Esto que me pasa ya no es remoloneo o tratar de desprenderme de hilachas de sueños sin sentido y tampoco sacudir la pereza lentamente. Con ningún bostezo se alivia la opresión de la piedra. Sólo atino a envolverme en las sábanas y estiro hasta lo imposible el momento de enderezarme y salir de la cama.

Cada mañana demoro más, cada noche adelanto unos minutos la hora del despertador. Finalmente, algún resto de voluntad y el temor a las consecuencias de llegar tarde, me hacen pegar el salto y me levanto, pero es como si me llevara la cama a cuestas, sin lograr desprenderme de la piedra.

Durante la jornada las actividades me arrastran y empujan en vorágines de risas con dientes ocultos, de parlamentos persuasivos o manos que vuelan sobre el teclado. Sin embargo, en el mínimo silencio o intervalo, percibo la obstrucción en el pecho y debo inspirar y expirar con fuerza para que el aire llegue a los pulmones y el pulso recupere su ritmo normal.

Hoy es sábado y me parece una estepa interminable a recorrer. Con el alma árida y los pies fríos me siento en el borde de la cama. Y en esa posición, inclinada sobre mí misma, en la espera de quien no espera, aparece la imagen de la casa junto al río, abandonada, melancólica y solitaria. Como yo.

Alcanzar el bolso de lona en la parte alta del placard, llenarlo con lo indispensable, agota la poca energía que me resta en los fines de semana.

En la terminal de micros encuentro uno que es rápido y con un asiento al lado de la ventanilla. Ver como los edificios se alejan, tragados por el verde del campo, me hace caer en un mediosueño.

La casa está en las afueras, en un recodo que hace el río; desde la ruta no es visible, tapada por la cúpula de los sauces llorones que la rodean. En el aire flota un olor a romero y cuando me acerco al muelle de madera vislumbro el río de aguas mestizas. En este tramo es más caudaloso y produce el canto de una cascada. La casa está oscura, huele a humedad. Abro las ventanas, el reflejo cobre del atardecer y el perfume del romero la devuelven a la vida.

No me apego a recuerdos, son como el agua del río, fluyen continuamente y los últimos tapan a los viejos, que forman un fondo legamoso y caminar por él me vuelve insegura. Pero no he venido a reencontrarme con el pasado. La casa tiene uno en el que yo estaba involucrada, no son más que años encanecidos por el tiempo. Creo, no estoy segura aún, que vine para estar cerca del río, hamacarme en su susurro, que repercute en mí como una canción de cuna.

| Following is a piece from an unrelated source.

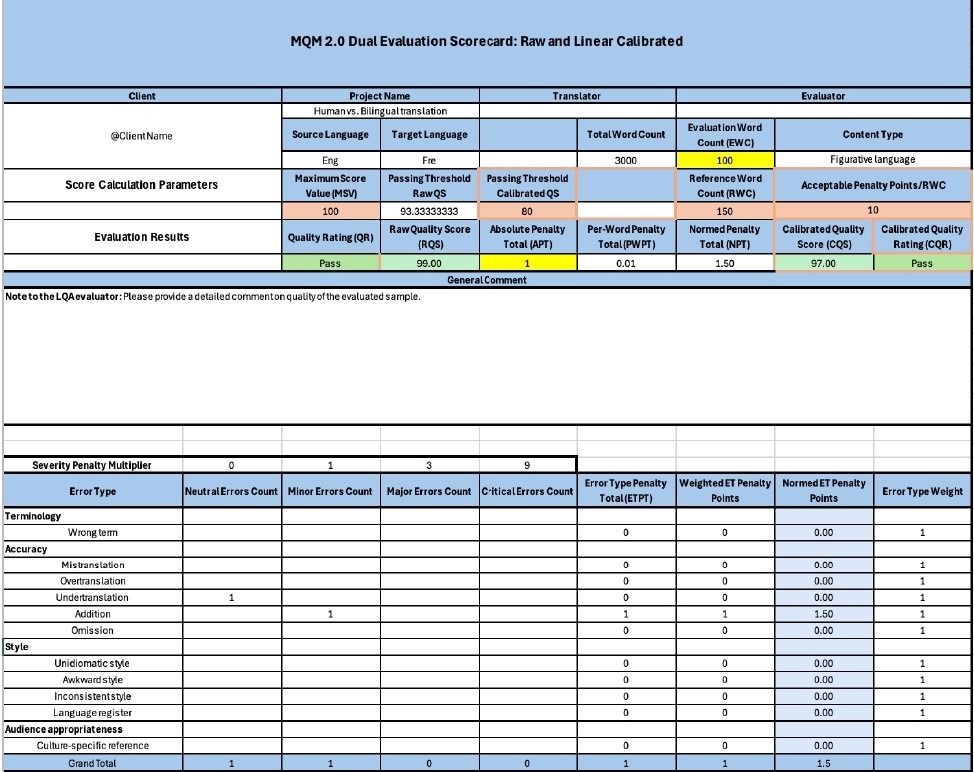 In addition to the previous annotation work, the raw error count was recorded using the official MQM Scorecard. Calibrated scores were computed by assigning weighted penalties based on severity: minor errors were weighted with a factor of 1, major errors with a factor of 3, and critical errors with a factor of 9. Neutral observations were noted for qualitative purposes but did not contribute to the score. This scoring system yielded a single aggregate quality score out of 100 for each translation output. To ensure consistent score normalization while accounting for sentence length, the Reference Word Count (RWC) was set to 3/2 the length of the Evaluation Word Count (EWC). For example, if a translated sentence contained 20 words, its RWC was set to 30.

La ciudad es mi mediamuerte, con su porción diaria de estridencia, hipocresía, incertidumbre y desconexión. Aquí, con las piernas colgando del muelle devastado por la intemperie, comprendo que eso que se instaló en mi pecho, la piedra, es un bloque de cemento que construí y que debo remover para que mi respiración recobre la naturalidad perdida.

Acaso mañana, cuando despierte, no tenga que obligarme a abandonar las sábanas, siga el llamado del río, la voz de los pájaros, el frufrú sedoso del viento en los sauces y escuche el campaneo de mi risa, aún por recobrar.